It's been a year since I bravely did something I've always wanted to do. That is to join the yearly "Alay Lakad" activity done by Catholics every Holy Week.
Alay Lakad is a way of Sacrifice as part of our Catholic belief where people starts to walk from Quiapo church to Antipolo Cathedral. You can actually start from your own place for example myself, I started from my workplace in Ortigas.
Since nobody wants to accompany me because it is after work, I bravely threaded the stretch of Ortigas Extension Alone. It was a meditating walk I must say. I got to reflect on what my life has been for the past years. I pray for enlightenment as I am about to make the biggest decision in my life. I look back, then I look forward. I don't see anything clear then, but a growing hope is slowly exciting me with something. I have to believe a major blessing is coming my way.

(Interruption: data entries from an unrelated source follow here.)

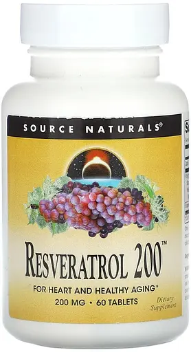 Source Naturals Resveratrol 200 mg содержит 200 мг чистого ресвератрола, соединения, вырабатываемого виноградом и другими растениями для защиты от стрессов окружающей среды.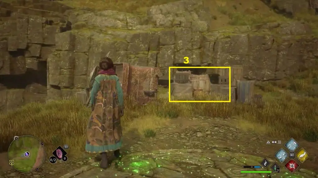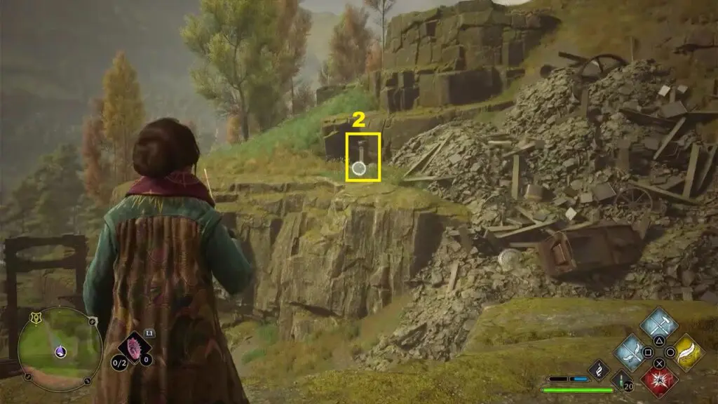 After using the Mallowsweet, three statues will break down. You need to use the Reparo spell and repair these three statutes to complete the trial. The first statue is on edge of the hill on the east side of the trial. The second statue is in front of the mountain wall on the south side of the trial. The third statue is under the tent on the west side of the trial. The location of all the broken statues is shown in the pictures below.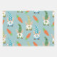 Celebrate Easter with this pattern of cute funny easter gnomes in blue and green holding little easter eggs and carrots surrounding them. It's the perfect easter wrapping paper

It was not a walk in the park and it was indeed tiring knowing it's a long way to go but all of it were negligible as I took the time observing the group of people around me. I wonder what their real intentions are in participating in activities like this.
I was alone but I never felt scared because I believe I'm guided.
Half down the road, a stranger approached me. I thank God for times like these because He always send me angels. We talked and walked and waited for their friends. Turns out they are a group of friends who used to do these every year. Now I've got new friends and they led me to the stations of the cross.
Jesus is tried and condemned by the Sanhedrin, mocked and beaten and is condemned for making the claim of being the Son of God
I will never forget how I've felt those goosebumps on my skin while I listen to the recorded voices of the characters who played on this scene. The mocking, the shouting and the cruelness of people to Christ were heart wrenching. But Jesus just let them be. I felt ashamed of myself. There was a point in my life when I was so concerned on my name being dragged into someone else's insecurities. My name was tagged with malicious and false accusations and it hurt me and made me angry. I followed my feelings instead of letting my feelings follow what I am supposed to do. I realized Christ's sufferings are far unimaginable than what I have been through. So on that station I lifted up to Christ my name completely. It made me cry and His warm embrace felt really good.
The stations of the cross reminds me of my own journey. Though I have surrendered all my pains before year 2012 began, sometimes my faith still get tested. But unlike Jesus, I sometimes still question how people can be so cruel and how they deserve such pitiful life with the choices they make. I'm still carrying new crosses every now and then. But this time I believe Jesus is carrying it for me. I used to think of many things on resolving my problems and all it took was that Walk towards HIM.
What will it take you to follow HIM?